Опыт бабочки в жизни Набокова приходится считать эйдетическим. Только так мы можем обозначить его в целом, поскольку он не сводится ни к научному, ни к художественному, ни к простому житейскому [По вовлечению столь своеобразного опыта в творчество Набоков не имеет предшественников. Трудно припомнить писателя, поэта, художника, связавшего свое творчество с культивированием образа одного особого, выделенного из всех прочих природного существа. Опыт природы Тургенева, Аксакова, Толстого, Пришвина был куда как менее избирательным. А Набоков словно присягнул на верность одной прекрасной теме]. Отсюда и дилемма набоковского “опыта бабочки” – его невыразимость, невозможность отвязаться от него средствами ни науки, ни искусства – прямое следствие его синкретизма. В словесном творчестве эйдетический опыт может быть выражен только мифопоэтически – через создание коллизии, обладающей, помимо чисто художественной, “жизненной”, эйдетической достоверностью. Изобразительным искусством он переводится в символ, словесным творчеством – в миф, и только в миф. Но миф не может быть персональным.

Бабочка – это персональная мифологема Набокова, его водяной знак, который он присвоил, сознательно обустраивал и предъявлял читателю всякий раз, когда нужно было напомнить о тайне мира или собственной личности. При этом он мог рассчитывать на общедоступность опыта бабочки в его бытовых мифопоэтических презентациях. Превращение общекультурной формы, лирического пустяка природы, в знак личности – это “изобретение” Набокова.

Нимфетка – это скорее “открытие”, и эта мифологема безлична: “нимфа” служит ей лишь опорой, а бабочка – примером. И если создание Набокова, обязанное его персональному опыту бабочки, редкостному по остроте и насыщенности, внятно обычному читателю, то на каком же более обширном опыте основано их взаимопонимание?

Разумеется, прежде всего на “нимфическом” опыте человека.

Ведь как вообще зарождаются бессмертные нимфы? Принято считать, что они представляют в человечески внятном обличии саму природу. Нимфа – это очеловеченная природа, но не та, что в нас самих воплотилась, а оставшаяся в избытке. И этот ее сверхчеловеческий избыток является нам в магической маске нимфы.

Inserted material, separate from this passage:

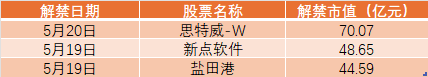 限售股解禁情况:Wind数据显示,本周A股市场将有38只股票面临解禁,合计解禁市值为307.80亿元。其中,思特威-W、新点软件、盐田港的解禁市值居前。
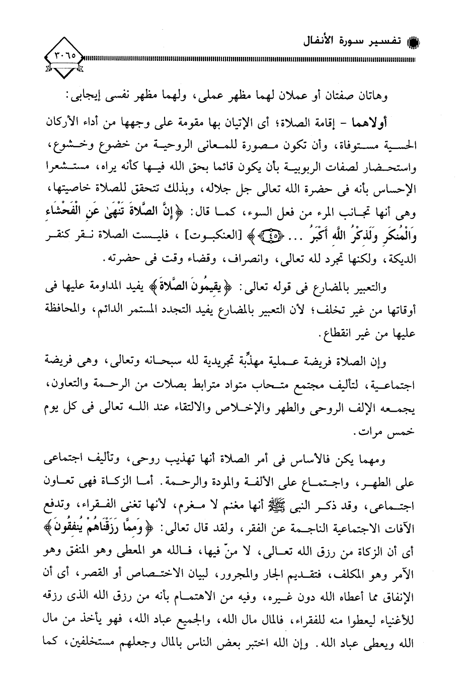 وهاتان صفتان أو عملان لهما مظهر عملي، ولهما مظهر نفسي إيجابي: أولاهما - إقامة الصلاة؛ أي الإتيان بها مقومة على وجهها من أداء الأركان الحسية مستوفاة، وأن تكون مصورة للمعاني الروحية من خضوع وخشوع، واستحضار لصفات الربوبية بأن يكون قائما بحق الله فيها كأنه يراه، مستشعرا الإحساس بأنه في حضرة الله تعالى جل جلاله، وبذلك تتحقق للصلاة خاصيتها، وهي أنها تجانب المرء من فعل السوء، كما قال: (إِنَّ الصَّلاةَ تَنْهَى عَنِ الْفَحْشَاءِ وَالْمُنكَرِ وَلَذِكْرُ اللَّهِ أَكْبَرُ. . .)، فليست الصلاة نقر كنقر الديكة، ولكنها تجرد لله تعالى، وانصراف، وقضاء وقت في حضرته.

По способу бытия они напоминают бабочек на лесных полянах. Ведь бабочка, по крайней мере набоковская, это душа природы, выражающая ее божественный смысл. Это живой и подвижный фокус, где скрещиваются и сплавляются, как в “горящей точке” собирающей линзы, все эманации ландшафта. Незаходящее солнце озаряет его, и совокупность всех его отражений порождает бабочку – малое зеркальце многоцветного марева и трепета единодушной природы. Ландшафт излучает бабочку как свой собственный образ, как форму квазиоптической рефлексии, летучего самосознания, соразмерного нашему окоему. Или как точку кристаллизации – предельной выраженности свойств “среды” [Подобные представления, всегда маячившие перед Набоковым при описании бабочек, настраивали его против традиционного понимания мимикрии как формы борьбы за существования, пригодной разве что для кабанов. Не к глазу не хищника, но к глазу ценителя обращено красочное великолепие природы. Бабочки не приспосабливаются к среде – они ее отражают, и только потому на нее “похожи”, умеют с нею сливаться. Он чувствовал, что выведение мимикрии из мимесиса могло бы перевернуть всю теорию эволюции].

Тамара – это, так сказать, историческая личность, сыгравшая роль первой пассии юного Набокова: известен ее реальный прообраз. Однако в “Других берегах” она предстает как откровение самой природы: мифологическое воплощение осуществляется, словами автора, с обворожительным и законченным совершенством. Она колдует заодно с закатами и дождями, а в городе, особенно зимнем, на глазах линяет. Впервые возникнув в березовом узорчатом свете, напоследок она растворяется в ночном жасмине, а на сохранившихся фотографиях ее не узнать: нимфическое не схватывается механически.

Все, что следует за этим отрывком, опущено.